Sounds like it was pretty intense at the time. Good that you married someone you liked


----------



## Infinitus (Jul 12, 2019)

Woohoo, I can be the first person to answer...

No I have not.


----------



## Whippit (Jun 15, 2012)

EDIT: Oops, not an NT here. Leaving it anyway because I went through the trouble of typing it out.

Yes, three times. They all had satisfying interesting story arcs, imo.

First one, I was young and pretty unhealthy psychologically, I was married and fixated on her, I never made a pass but I'm sure I made things awkward. She shut me out for a while. Eventually, after many years, I worked there a long time, I got separated from my ex wife. The coworker and I started talking again and hanging out a little after work with other coworkers on occasion. If I had stayed in that town, who knows what might have happened?

The second was during the same "era". I didn't so much have a crush on this woman, I lusted after her. As time went on I found out she was trying to seduce me, and I wasn't the only one, it was a hobby of hers. Eventually she just straight out propositioned me, I turned her down, cuz married.

This one was when I was actually single and free. I was crushing hard on a woman in the office, I made sure to be ready to be in the right place at the right time. Eventually I found it, kind of. I ended up at a party with her, a mutual (female) co-worker got stumbly obnoxiously drunk, so we took her to bed. The drunk coworker asked us to stay, and things started getting sexy with everybody.

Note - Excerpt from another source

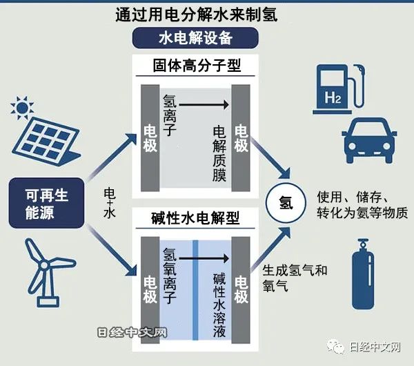 与从事固体高分子型部件的东芝和东丽不同,松下控股从“碱水电解”寻找出路。这是一种使用碱性水溶液作为电解质的类型,不使用高价的金属,易于降低成本。

Then ANOTHER coworker dropped in, a guy, and things got really sexy. But I really didn't want to get in a foursome, heck I didn't even want to be in a threesome, I got out of there. Who knows what ended up happening.


----------



## PersonaBelle (Nov 1, 2020)

Whippit said:


> EDIT: Oops, not an NT here. Leaving it anyway because I went through the trouble of typing it out.
> 
> Yes, three times. They all had satisfying interesting story arcs, imo.
> 
> ...


Those were interesting stories. Especially the third one. Life can be so unpredictable. Thanks for sharing.


----------



## tanstaafl28 (Sep 10, 2012)

PersonaBelle said:


> What attracted you to this person....and was there any follow through?


Yes, when I was young and stupid. After a few times, I realized it was just not a good idea. Even when it goes well, there's always the chance it will eventually go badly, and you'll still have to deal with that person every day.

The metaphor below exemplifies things well (caution, it is a bit vulgar).


* *




Never shit where you eat.


----------



## Handsome Dyke (Oct 4, 2012)

Yes I have. We worked on a campus painting crew as a summer job in college. She was just absolutely gorgeous. Glossy black hair, tan skin. And chill. None of the cutesy bullshit so many young women put on. 

I invited her to my studio one day after the summer job was over. The anxiety was like my body was filled with pressure but I managed to tell her just before she drove off what I thought of her. I feel like that was a mistake. It was unnatural for me. I was just following pop psychology dating advice because I didn't know what else to do.

Nothing came of it. I'm glad of that now because things could have gotten ugly for me. We weren't compatible for one thing because she is Catholic, and I know now that I can't stand religious people, especially theists. I was too open-minded and naive when I was younger.


----------



## Handsome Dyke (Oct 4, 2012)

Saiyed Handsome **** said:


> Glossy black hair, tan skin.


I mean tan as in light-to-medium brown, not suntanned.


----------



## Something Awfuln't (Nov 22, 2021)

99% of time I worked alone XD


----------